Visualizing the Problem
Let’s focus on the two-dimensional case so we can understand what the goal of PCA is. We want to go from 2d to 1d. Take a look at the picture below.
Reference #3 (pg.12)
Alright, I know that is a lot to take in but let’s break it down. Remember how I said the “main” point of PCA was dimensionality reduction; the main way to achieve that is through the two methods (maximizing variance and minimizing residuals). However, before I talk about what those two things even mean, let’s go back to the second picture.

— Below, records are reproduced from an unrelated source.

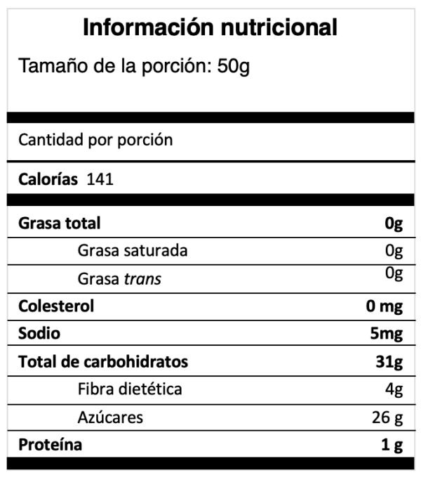 Chabacano deshidratado y dióxido de azufre (conservador).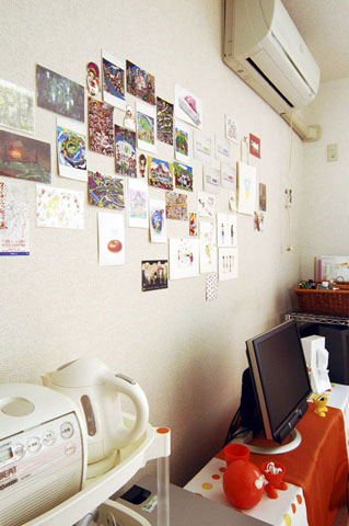 「高い物はなにもない」そうですが、置いてあるものひとつひとつにTさんの個性を感じることができます。壁に貼られたポストカードは、市販のものや友人から送られたものだそうです。印象的なインテリアになっていました。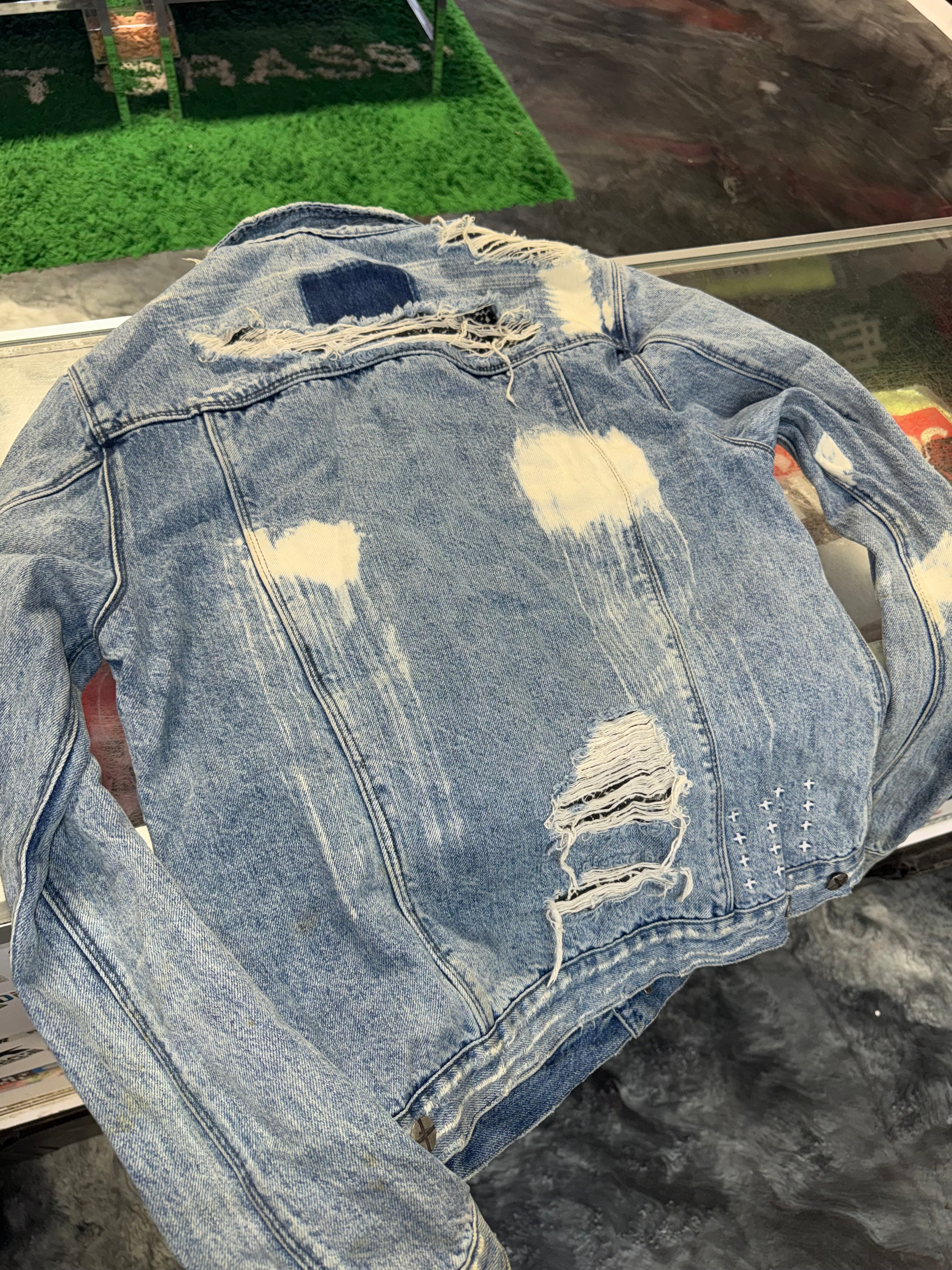 Size M Ksubi Distressed Denim Jacket “Bleached Light Denim”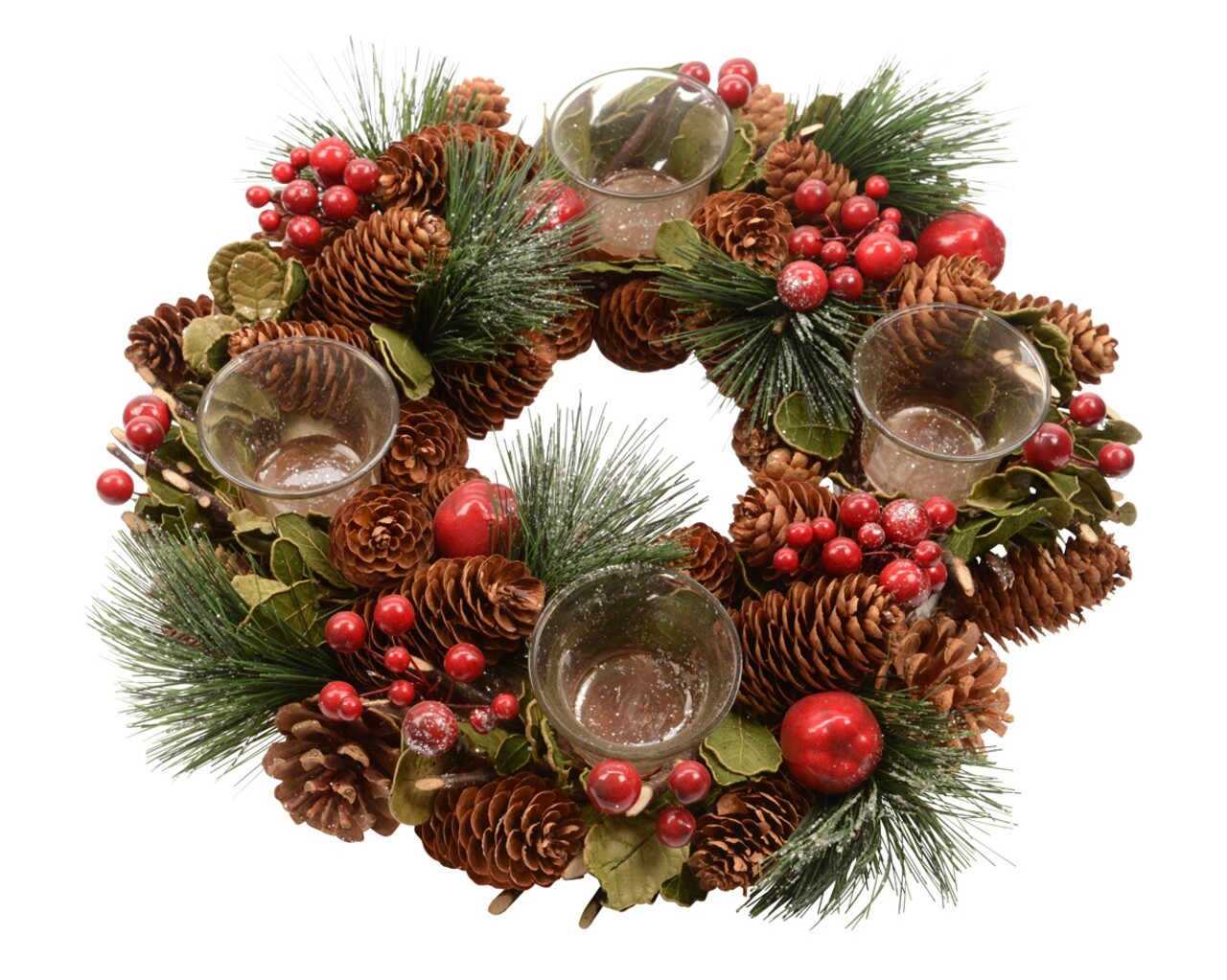 Coronita decorativa cu 4 suporturi pentru lumanari Berry, Decoris, multicolor

$$ \begin{align} \large{x_i:} &&& \text{Think of this as some data point vector} \\ \\ \large{\lVert x_i \rVert} \longrightarrow \large{\sqrt{x^2_1 + x^2_2 + ...}:} &&& \text{Basically, square the coordinates of the data points and add them all up; then take the square root at the end} \\ \\ \large{\vec{v_1}:} &&& \text{A unit vector onto which $\large{x_i}$ will be projected on} \\ \large{x'_i = \langle x_i, v_1 \rangle v_1 :} &&& \text{The projection of the data point (vector) onto the $\vec{v_1}$ unit vector which is a coordinate and not a scalar} \\ \large{x_i - x'_i = e_i:} &&& \text{Think of this as like the residuals} \\ \large{a_i{_1} = \langle x_i, v_1 \rangle:} &&& \text{The "length" of the projection of the data point (vector) onto the $\vec{v_1}$ unit vector which is a scalar} \end{align} $$
Okay, hopefully the second picture should be more clear now that all the symbols and such were explained. The reason for the subscript of i, is that we will have more than one data point. It could be $x_1, x_2, x_3, …$ Now, let’s move on to what it means to project a data point to some unit vector. Remember, a unit vector is a vector in which the components like $\langle x_1, x_2 \rangle$ add up to 1 after squaring each component. The length of a vector is shown/computed as a dot product ($a \cdot b$) or by the norm ($\lVert x \rVert$). Let’s take a look at the picture below.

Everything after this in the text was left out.